Canada’s 2021 Budget Will Be Announced April 19 as the Country Races Against Variant COVID-19 Spread

The federal government will table its first budget in more than two years on April 19, 2021.

Finance Minister Chrystia Freeland announced the hotly anticipated date for Budget 2021 in the question period on Tuesday in keeping with tradition on how budget dates are normally revealed.

The last budget was tabled on March 19, 2019.

Former finance minister Bill Morneau delayed the budget that was scheduled for March 2020 as the House of Commons shut down amid the escalating coronavirus pandemic crisis.

Since then, the federal government has rolled out hundreds of billions of dollars worth of pandemic spending on a wide range of programs including new benefit programs like the Canada Emergency Response Benefit and the Canada Recovery Benefit, as well as tax deferrals and industrial subsidies.

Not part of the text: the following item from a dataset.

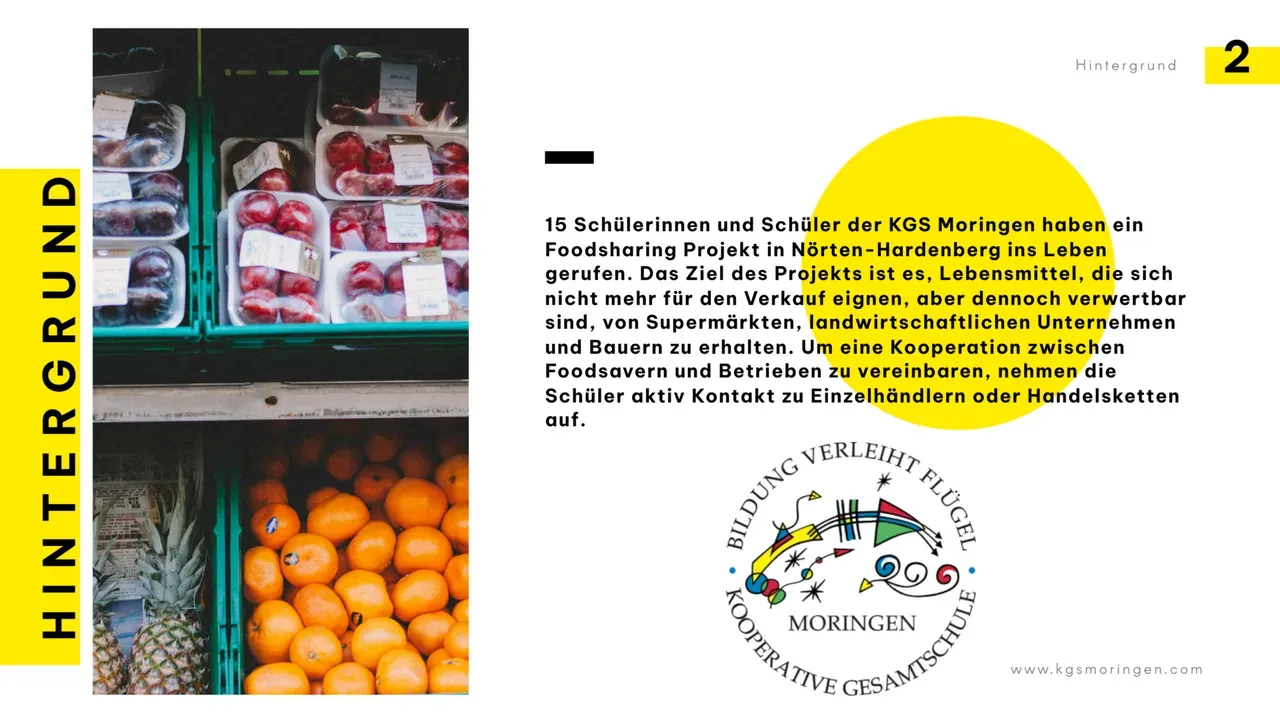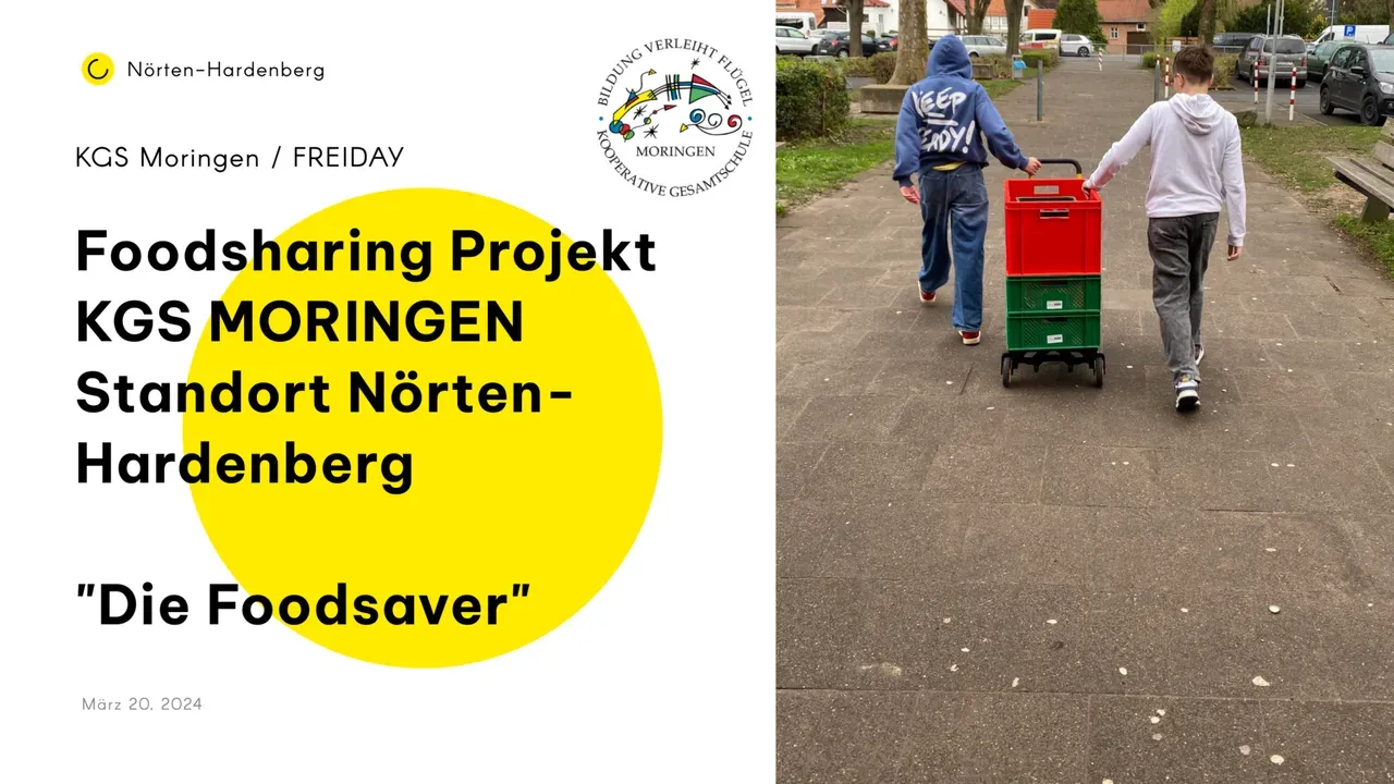 Schüler:innen der KGS Moringen haben ein Foodsharing Projekt in Nörten-Hardenberg ins Leben gerufen. Das Ziel des Projekts ist es, Lebensmittel, die sich nicht mehr für den Verkauf eignen, aber dennoch verwertbar sind, von Supermärkten, landwirtschaftlichen Unternehmen und Bauern zu erhalten. Um eine Kooperation zwischen Foodsavern und Betrieben zu vereinbaren, nehmen die Schüler:innen aktiv Kontakt zu Einzelhändlern oder Handelsketten auf. Diese Lebensmittel werden zunächst von den Schülerinnen eingesammelt, in Kooperation mit einem weiterem Schüler Projekt, dem Donnerstags Xpress. Mitgenommen werden Produkte mit abgelaufenem Mindesthaltbarkeitsdatum, aber auch Obst und Gemüse, das nicht mehr den optischen Standards der Händler entspricht, aber dennoch noch ansehnlich ist. Die gesammelten Lebensmittel werden entweder Donnerstags an Interessierte Mitbürger verteilt, die unentgeltlich zugänglich sind, unabhängig davon, ob jemand bedürftig ist oder einfach nur Hunger hat. Die Verteilung wird von den Schülerinnen wöchentlich an den Supermärkten abgeholt.

Estimates from Parliamentary Budget Officer Yves Giroux peg the likely deficit at $382 billion.

However, Giroux has cautioned that figure soar to $400 billion in response to changing levels of public health restrictions and the effects on jobs and businesses.

Finance Minister Freeland also mentioned the government plans to include details in the budget of plans to get women back into the workforce after the pandemic disproportionately devastated women’s involvement in the workforce as daycares and eldercare options shuttered amid the pandemic.

She has also said the budget would include details on the pandemic recovery plans, including child care promises.

Ms. Freeland described the three-year program as costing between $70 billion and $100 billion worth of government funding to jumpstart the economic recovery from the pandemic.

The Finance Minister also shared an overview of the recovery program in November 2020, while presenting the fiscal snapshot of coronavirus spending, warning that the Canadian economic recovery from the pandemic will likely not begin until “deep into 2021.”

She added that the combination of extensive spending on social programs, and the economy stifled by pandemic restrictions and plans for roughly $100 billion in recovery stimulus over the next three fiscal years means the federal deficit likely won’t return to pre-pandemic levels until at least 2026.